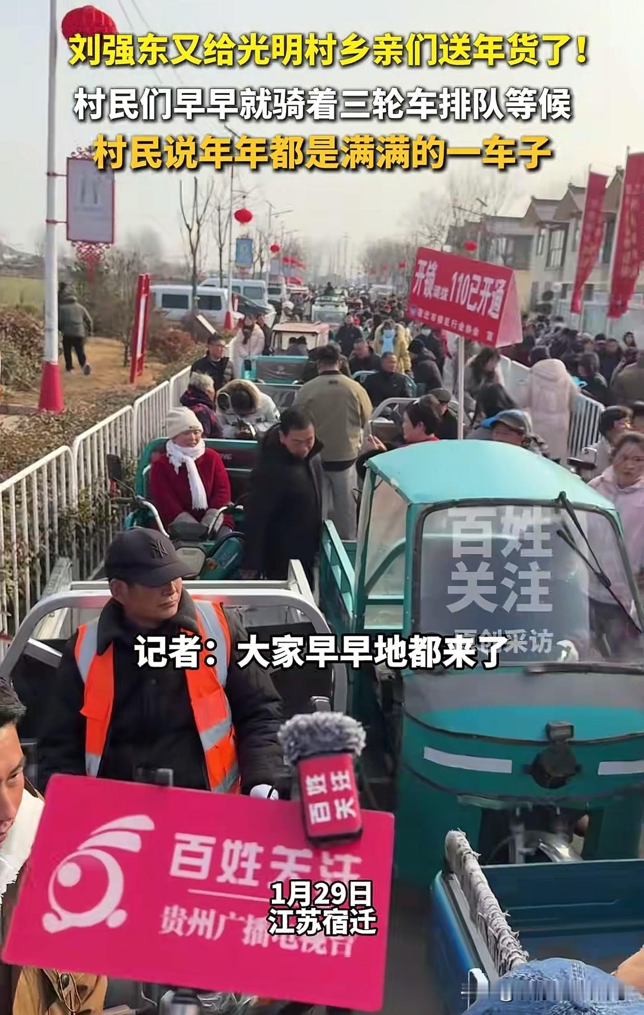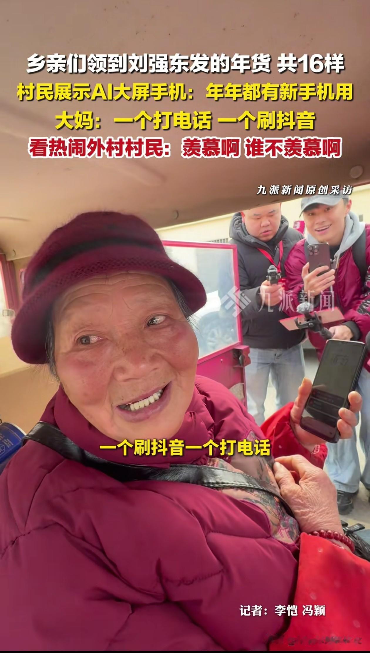 谁不羡慕啊! 光明村的村民领到刘强东发的年货了,一共16样! 一位大妈说,每年都有新手机,手机太多了,准备一部用来打电话,一部用来刷视频! 村民们今天一早就开着三轮车排队领年货,个个笑容满面。 挣钱的意义在此刻体现得淋漓尽致,吃水不忘挖井人,光宗耀祖,滴水之恩,当涌泉相报,就连光明村的年轻人在十里八村也算扬眉吐气了,不愁找对象了。 网友调侃,刘总再高考一次吧,76个鸡蛋和500块钱我一人承包了! 刘总这钱花得值,既挣了面子,更暖了人心,村民们脸上的笑容,嘴里的夸赞,成为了十里八乡的美谈,比投广告划算多了。 刘强东
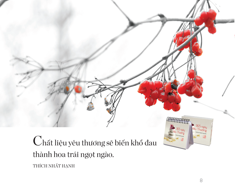 Bộ sách để bàn 365 ngày với hai chủ đề: An lạc và Yêu thương của thiền sư Thích Nhất Hạnh gửi gắm mong muốn rằng từng trang sách sẽ như một dòng suối lành rửa trôi những khổ đau, vướng mắc, để lại sự bình an trong tâm hồn mỗi người.
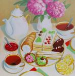 Чаепитие с традиционными питерскими пирожными из кондитерских Метрополя и Севера. Сейчас они активно вытесняются европейскими и американскими сладостями.
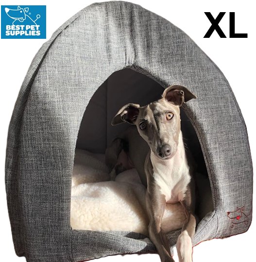 best pet supplies soft pet tent style bed - 19"x 19"x 19" - grey linen - (model: TT608T-XL)

______________________________

> ACTIVITY
The expected result is the data above in exact form, free of pictures.

> EXERCISE SOLUTION
 谁不羡慕啊! 光明村的村民领到刘强东发的年货了,一共16样! 一位大妈说,每年都有新手机,手机太多了,准备一部用来打电话,一部用来刷视频! 村民们今天一早就开着三轮车排队领年货,个个笑容满面。 挣钱的意义在此刻体现得淋漓尽致,吃水不忘挖井人,光宗耀祖,滴水之恩,当涌泉相报,就连光明村的年轻人在十里八村也算扬眉吐气了,不愁找对象了。 网友调侃,刘总再高考一次吧,76个鸡蛋和500块钱我一人承包了! 刘总这钱花得值,既挣了面子,更暖了人心,村民们脸上的笑容,嘴里的夸赞,成为了十里八乡的美谈,比投广告划算多了。 刘强东
 Bộ sách để bàn 365 ngày với hai chủ đề: An lạc và Yêu thương của thiền sư Thích Nhất Hạnh gửi gắm mong muốn rằng từng trang sách sẽ như một dòng suối lành rửa trôi những khổ đau, vướng mắc, để lại sự bình an trong tâm hồn mỗi người.
 Чаепитие с традиционными питерскими пирожными из кондитерских Метрополя и Севера. Сейчас они активно вытесняются европейскими и американскими сладостями.
 best pet supplies soft pet tent style bed - 19"x 19"x 19" - grey linen - (model: TT608T-XL)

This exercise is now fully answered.